New Zealand passes bipartisan climate change bill
The New Zealand parliament has passed legislation that aims to achieve zero net carbon dioxide emissions by 2050.
The New Zealand bill legalises an earlier proposal made by the Clarke Labour Government and commits to limit global warming to 1.5°C.
The bill was passed with bipartisan support, although the Nationals opposition has said it will amend the law if they win government.
The bill sets a trajectory for reducing emissions and introduces an independent Climate Change Commission to advise advice to the New Zealand government on reducing emissions and adapting to the impacts of climate change, as well as determining emissions budgets.
The Ardern government has also established a $100 million NZD Green Investment Fund, which will invest public funds in projects that reduce greenhouse gas emissions, serving a similar role to that of the Australian Clean Energy Finance Corporation.
Prime Minister Jacinda Ardern said that the passage of the bill sent the message that New Zealand took the threats of climate change seriously.

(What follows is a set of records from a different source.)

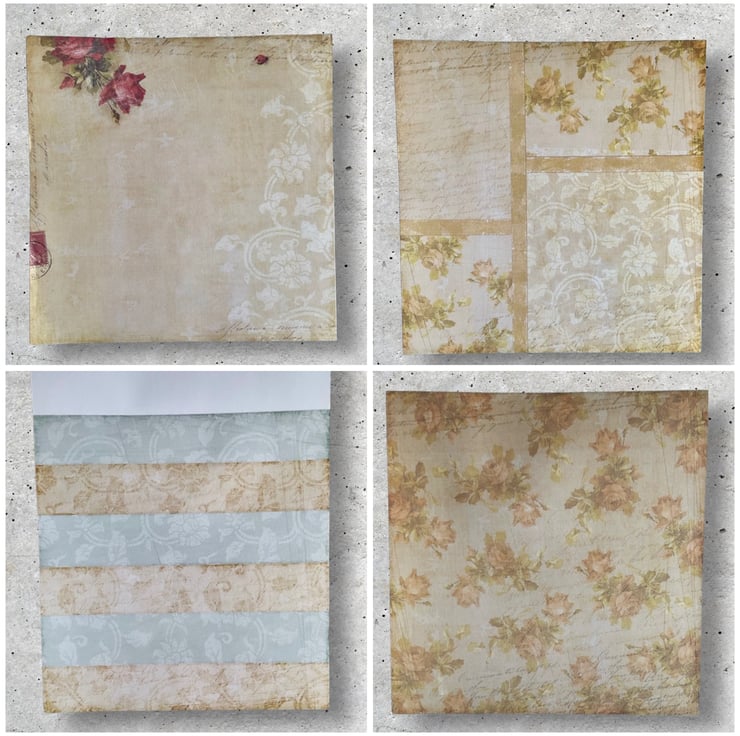 Approximately 25 sheets of 8 x 8 inch thick paper in muted pastel shades for crafting.
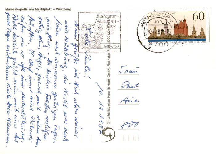 73879192 alte Postkarte Wuerzburg Bayern Marienkapelle am Marktplatz Fliegeraufnahme postalisch gelaufen Erhaltung siehe scans [WerneD78] KatCode: 11110009663000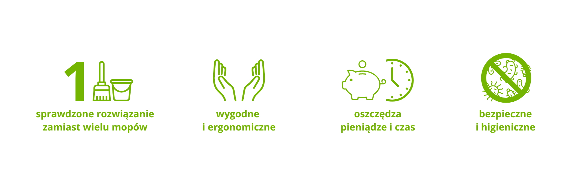 - oszczędność – jeden system zastępuje wiele różnych rodzajów mocowania mopa, co oznacza mniejsze koszty zakupu.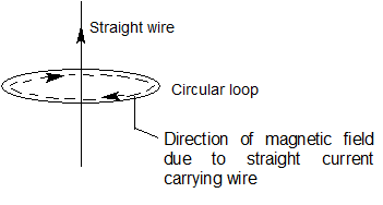 Hint:When a straight wire carrying a current runs along the axis of a circular current, the magnetic field due to the straight wire is in the plane that of the current flow in the circular loop. Also the magnetic field lines of the circular loop carrying current on the axis of the loop are along the axis of the circular loop itself. Thus, the current in the loop and magnetic field will be parallel to each other.
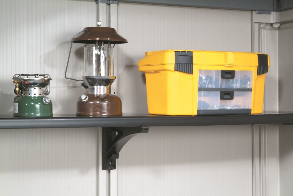 Очень практичный аксессуар для хозяйственного домика Keter Factor. В состав комплекта входят 4 полки, а также 2 вешалки для инструментов и 2 кронштейна для монтажа полок. Базовое дополнение для любого садового домика для инструментов. Подходит для домиков Factor 8x11, 8x6, 6x6.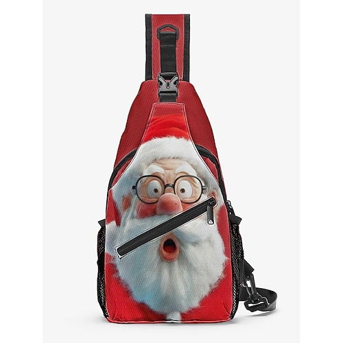 Borsa a tracolla unisex natalizia con Babbo Natale, borsa a tracolla festiva con stampa di cartoni animati, zaino da viaggio leggero come regalo per le feste e per l'uso quotidiano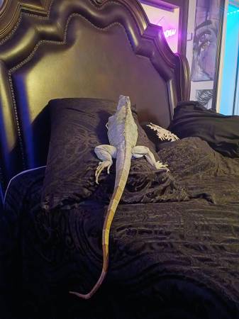 Very healthy. Indoor and outdoor enclosure. She potties in her box regularly. Requires fresh food every day. Can be handled, but she gets feisty, as most females do. Wouldn't recommend to someone with no experience.

“We have committed ourselves to a 1.5°C target that we are embedding in legislation…because that is what is required if we are to show our Pacific neighbours that we understand what the impacts above 1.5°C will have on them — it is real,” Mrs Ardern said.
The Climate Change Response (Zero Carbon) Amendment Bill, passed with near-consensus, with the ACT New Zealand Party’s David Seymour voting against the bill. Mr Seymour was also the sole parliamentarian to oppose changes to New Zealand’s gun laws last March.
The 2019 NSW/ACT Synod meeting agreed to a proposal to keep global warming below 1.5°C. The Synod’s new Climate Action Strategy Task Group will oversee development, implementation, and monitoring of the church’s climate change strategy for a period of three years.